GIVEN MATERIAL>
____
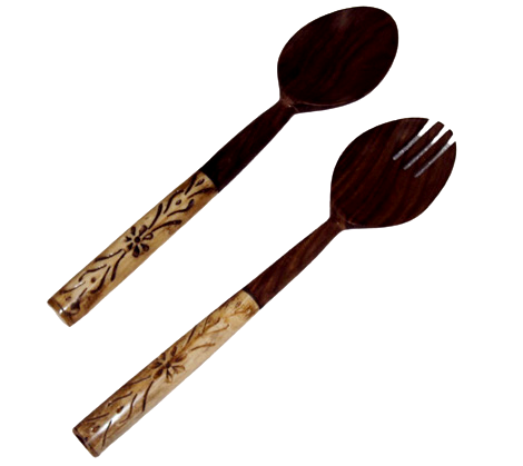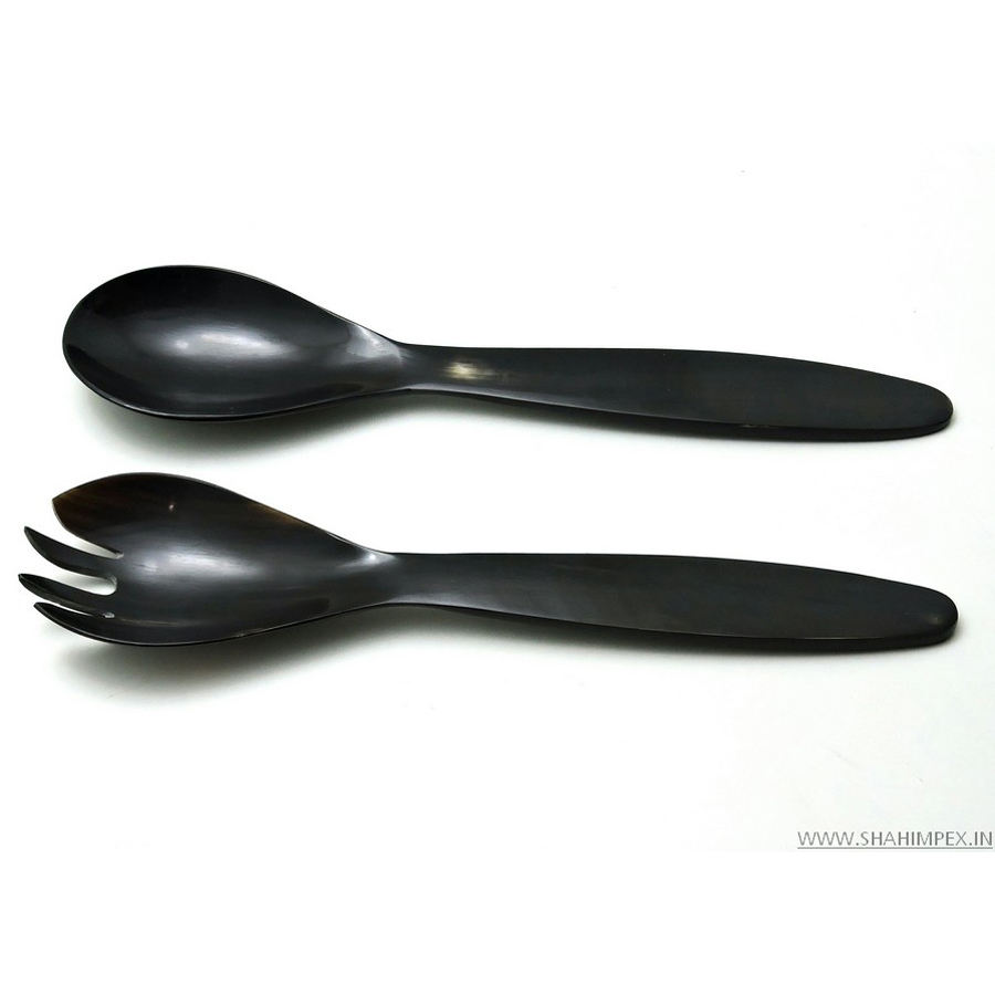 Service à salade de bonne qualité avec poignées en acier poli, vaisselle en corne, service à salade en acier inoxydable
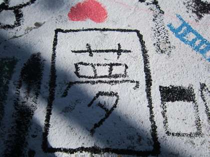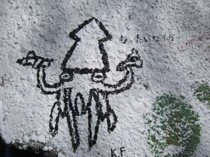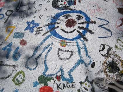 6年図画工作科「卒業制作」 校庭の石舞台ステージに6年生全員で絵をかきました。一人一人気持ちを込めて筆を走らせていました。ドラえもんや長沼小もったいない運動のキャラクター「もったいなイカ」も登場しました。
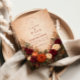Inspired by lush autumn blooms and warm seasonal tones, this romantic wedding design features layered florals in shades of rust, blush, cream, and soft greenery. The painterly illustration creates a rich, elegant frame that feels timeless and inviting, perfect for celebrating love in the fall season.
____
ABOUT THIS TASK>
Pictures are to be dropped, and the lines from the line with "6年図画工作科「卒業制作」 校庭の石舞台" through the end of the material above are to be reproduced exactly.

ANSWER SECTION>
 6年図画工作科「卒業制作」 校庭の石舞台ステージに6年生全員で絵をかきました。一人一人気持ちを込めて筆を走らせていました。ドラえもんや長沼小もったいない運動のキャラクター「もったいなイカ」も登場しました。
Inspired by lush autumn blooms and warm seasonal tones, this romantic wedding design features layered florals in shades of rust, blush, cream, and soft greenery. The painterly illustration creates a rich, elegant frame that feels timeless and inviting, perfect for celebrating love in the fall season.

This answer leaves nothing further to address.